I have set up a 10 gallon aquarium tank for a pacman frog (yet to purchase). I have a 13watt heat mat on the outside side (not insulated) hooked up to to a stat. I can't get the temperature to above 24c. I've tried it without the stat too and it doesn't seem to be going up.

I used to use the stat and a heat mat with my wooden viv and my leopard gecko which worked fine for a year until suddenly the temperature in the viv dropped to around 23. I replaced the heat mat but that didn't help. I'm currently using the new heat mat I bought.

Any suggestions? Could the stat be broken (but why is it not heating up without it, shouldn't it be going up loads without it?). Do I need to insulate with polystyrene?

Thanks.


----------



## Badgerroy (Mar 16, 2015)

In my opinion a 13w heat mat isn't enough to heat a glass tank. Glass has just about zero ablitly to store heat so where as in a wooden viv the heat will buildup to the required temp then switch of, In a glass viv the heat will just go up to the temp the mats able to go to which would seem to be 24c.
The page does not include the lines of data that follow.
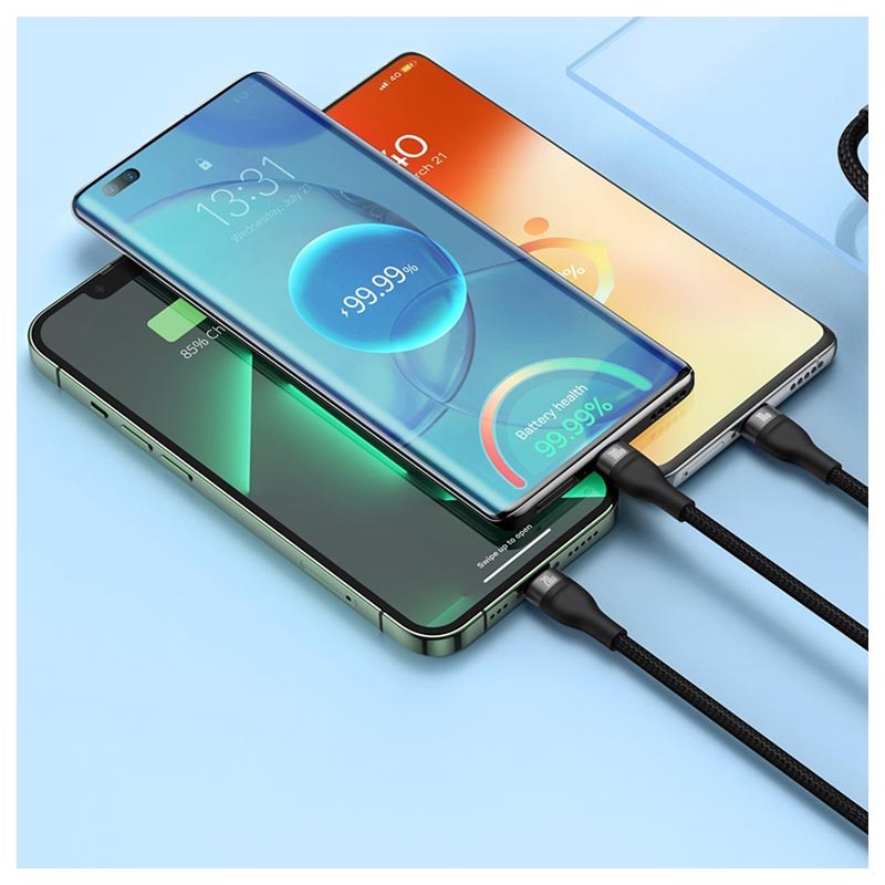 Schnelles Aufladen von bis zu drei Geräten gleichzeitig (Lightning, Type-C, microUSB) dank des Baseus Flash Series II Qualitäts-Geflechtkabels. Verschiedene Anschlüsse ermöglichen den breiten Ladebereich von Smartphones, Tablets und Laptops und verteilen die Leistung je nach Bedarf. Überprüfen Sie den Schnellladestatus über eine LED-Anzeige und machen Sie sich keine Sorgen über eine Überhitzung.
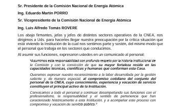 Directivos de diferentes áreas de la Comisión Nacional de Energía Atómica (CNEA) remitieron una carta a Martín Porro, el presidente del organismo para manifestarle su preocupación por los problemas de funcionamiento como consecuencia del brutal ajuste del gobierno nacional.
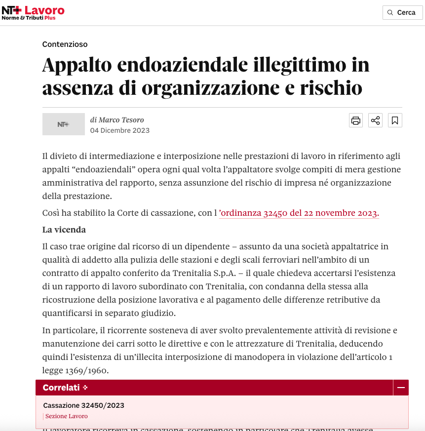 Pubblicato su: Il Sole24Ore - Nt Lavoro - 17/04/2024 Leggi qui
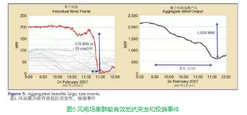 遇極端天氣情況,風(fēng)速增大,出于安全考慮,風(fēng)電機(jī)組需要停機(jī),這時候怎么辦呢?這樣的極端天氣并不常見,在一些地方并不是每年都會出現(xiàn),而有些地區(qū)一年中也只會出現(xiàn)一到兩次。大風(fēng)暴在4到6小時就可行進(jìn)幾百公里,所以,廣闊地理區(qū)域的風(fēng)電集群可以應(yīng)對這一挑戰(zhàn)。在這種情況下,單臺風(fēng)電機(jī)組可能從滿發(fā)突然降到零,而更大地理范圍內(nèi)的集群風(fēng)電機(jī)組就會把這樣的突然中斷轉(zhuǎn)化為數(shù)小時的逐漸下降過程。2007年2月美國德克薩斯州就發(fā)生了這樣的風(fēng)暴。圖5顯示了一個風(fēng)電場的出力在約15分鐘內(nèi)驟降17萬千瓦的過程。而對于所有風(fēng)電場來說,總出力雖然下降了150萬千瓦,但該過程持續(xù)了2個小時。在丹麥西部,最近一次風(fēng)暴(2005年1月)使200萬千瓦額定容量的風(fēng)電出力降低90%,用了6個小時。
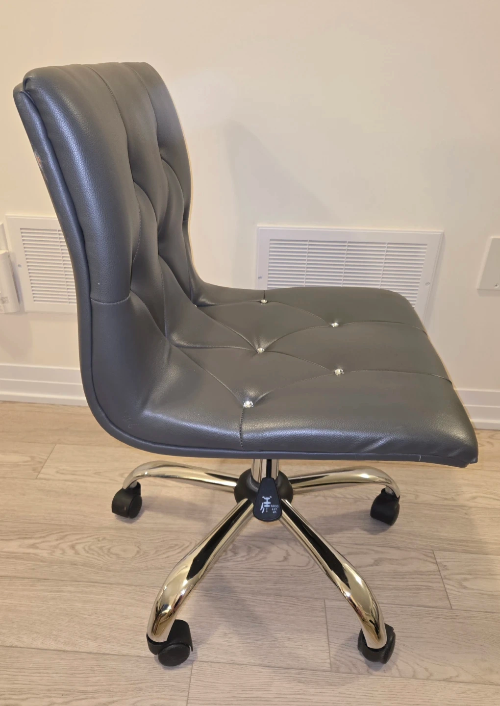Selling a stylish grey office chair! It features a comfortable, tufted seat and a shiny chrome base with smooth-rolling casters. This chair would be a great addition to any home office or workspace
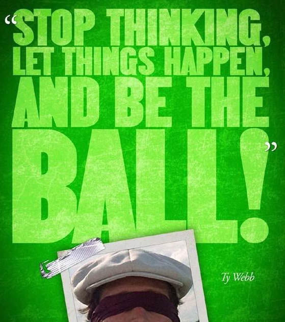 This mantra is loosely based on Chevy Chase's character, Ty Webb's "Be the Ball" skit in the 1980 Movie Caddyshack.
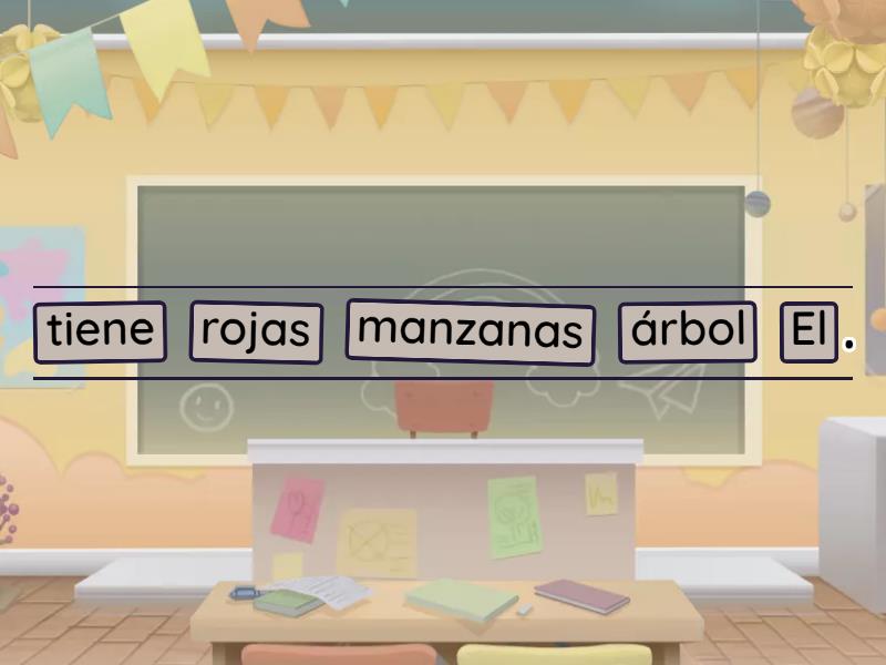 El árbol tiene manzanas rojas., El gato está sobre la alfombra verde., La flor tiene pétalos rosados., El niño está usando una camisa azul., La niña está usando un vestido amarillo., Él está cocinando algunas salchichas., El perro con manchas tiene un hueso., El oso de color café está caminando., El niño está soñando con unicornios., Ella está en el suelo mirando la TV.,
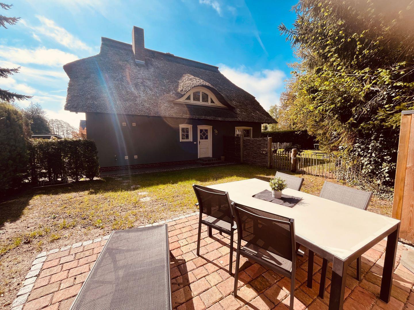 Lasse - FeWo im OG , Reetdach, Terrasse im Garten, Haustiere erlaubt, waldnah
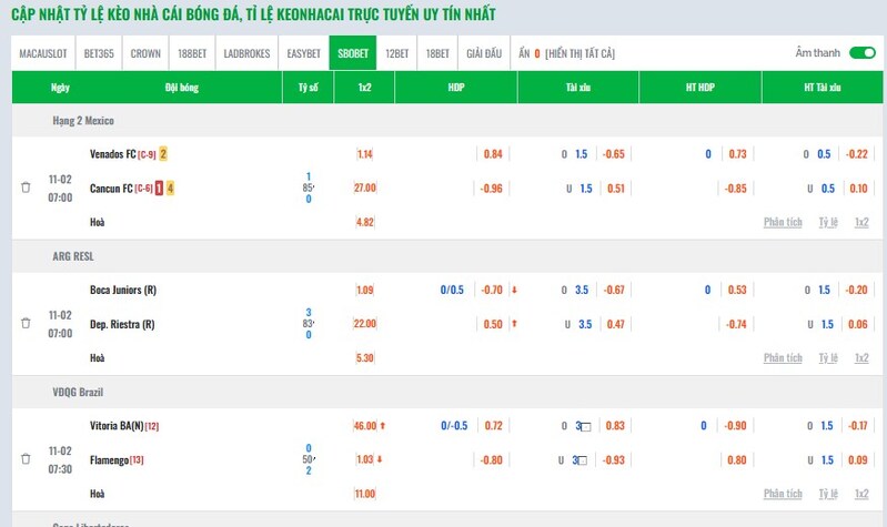 Trên BONGDAINFO, bảng kèo gần như nhúc nhích từng phút. Mình có thể thấy:
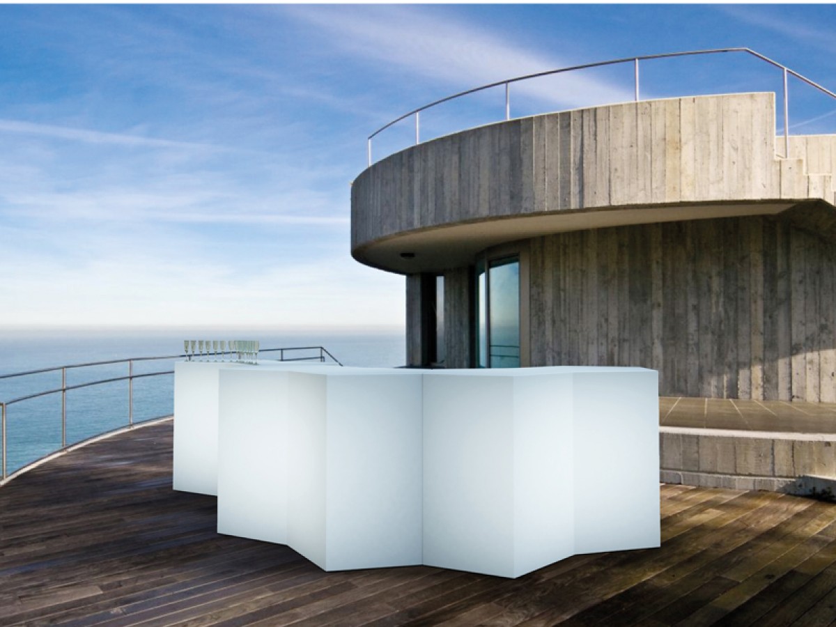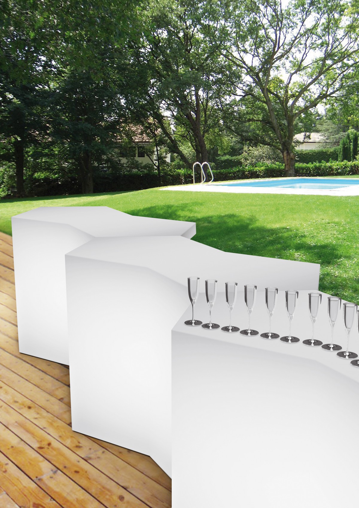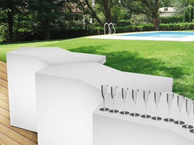 - Ideaal als buitenbar bij het terras, het zwembad, aan het strand, voor een happy hour of een snack. In hoge dichtheid roto-gegoten polyethyleen. De modules hebben een dubbele Pentagon vorm en zijn ontworpen om eindeloze combinaties te creëren. Er kunnen schappen aan de binnenkant worden geplaatst voor meer bergruimte. Verder kan er ook als optie een bovenblad bijgeleverd worden.

I can't see how it could be your stat as you've said it won't go up higher even when plugged direct into the wall. Iv got a Brazilian rainbow boa which needs high humidity so is in a big glass viv and iv insulated the back and sides with rock effect polystyrene and the top with a sheet of plain polystyrene.i found that was the only way to keep the heat in.


----------



## GarethTheTwit (May 9, 2015)

Thanks for the advice. Do you know if you can have 2 heat mats off one stat as I have 2 heat mats or maybe one heat mat on a stat one without.


----------



## Badgerroy (Mar 16, 2015)

GarethTheTwit said:


> Thanks for the advice. Do you know if you can have 2 heat mats off one stat as I have 2 heat mats or maybe one heat mat on a stat one without.


Ooo if you ask a question like that it's likely to cause a fight lol. Most say 1 stat per Heater, others say it's ok to put multiple heaters on a stat. Personally I'm a stickler for 1 stat per Heater and I'd NEVER use any heating in a viv without a stat. It's not worth the risk. If you haven't got the frog yet what I'd do is with the empty viv do exactly what iv advised you not to do and connect the 2 mats to the 1 stat. If that brings the viv up to temp ok then go out and buy a higher wattage heat mat then lose the 2 mats and replace with the new higher wattage mat.


----------



## GarethTheTwit (May 9, 2015)

Badgerroy said:


> Ooo if you ask a question like that it's likely to cause a fight lol. Most say 1 stat per Heater, others say it's ok to put multiple heaters on a stat. Personally I'm a stickler for 1 stat per Heater and I'd NEVER use any heating in a viv without a stat. It's not worth the risk. If you haven't got the frog yet what I'd do is with the empty viv do exactly what iv advised you not to do and connect the 2 mats to the 1 stat. If that brings the viv up to temp ok then go out and buy a higher wattage heat mat then lose the 2 mats and replace with the new higher wattage mat.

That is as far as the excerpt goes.